<<<<

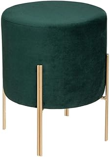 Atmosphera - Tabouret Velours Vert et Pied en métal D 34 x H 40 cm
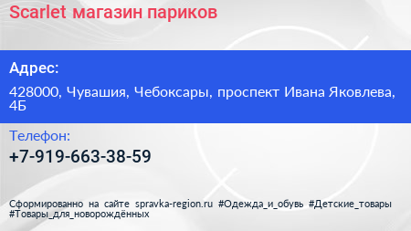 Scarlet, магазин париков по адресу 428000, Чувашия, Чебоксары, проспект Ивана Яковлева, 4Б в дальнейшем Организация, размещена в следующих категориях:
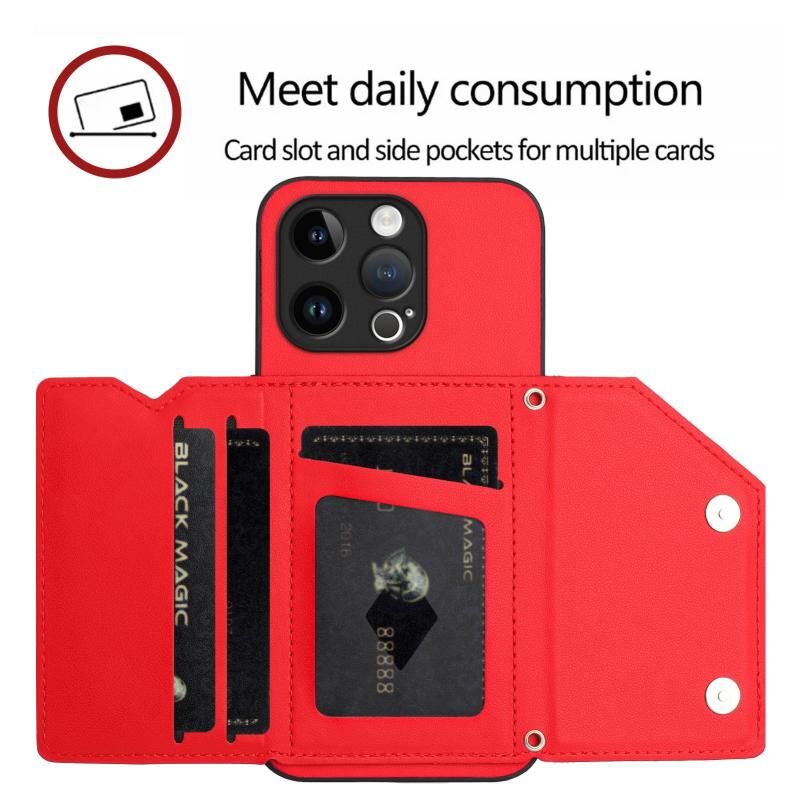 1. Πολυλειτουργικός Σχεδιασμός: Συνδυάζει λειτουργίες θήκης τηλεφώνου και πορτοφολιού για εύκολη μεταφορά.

>>>>

» Exercise instructions: Write out the material exactly as it stands, omitting every picture.

» Expected answer:
 Atmosphera - Tabouret Velours Vert et Pied en métal D 34 x H 40 cm
 Scarlet, магазин париков по адресу 428000, Чувашия, Чебоксары, проспект Ивана Яковлева, 4Б в дальнейшем Организация, размещена в следующих категориях:
 1. Πολυλειτουργικός Σχεδιασμός: Συνδυάζει λειτουργίες θήκης τηλεφώνου και πορτοφολιού για εύκολη μεταφορά.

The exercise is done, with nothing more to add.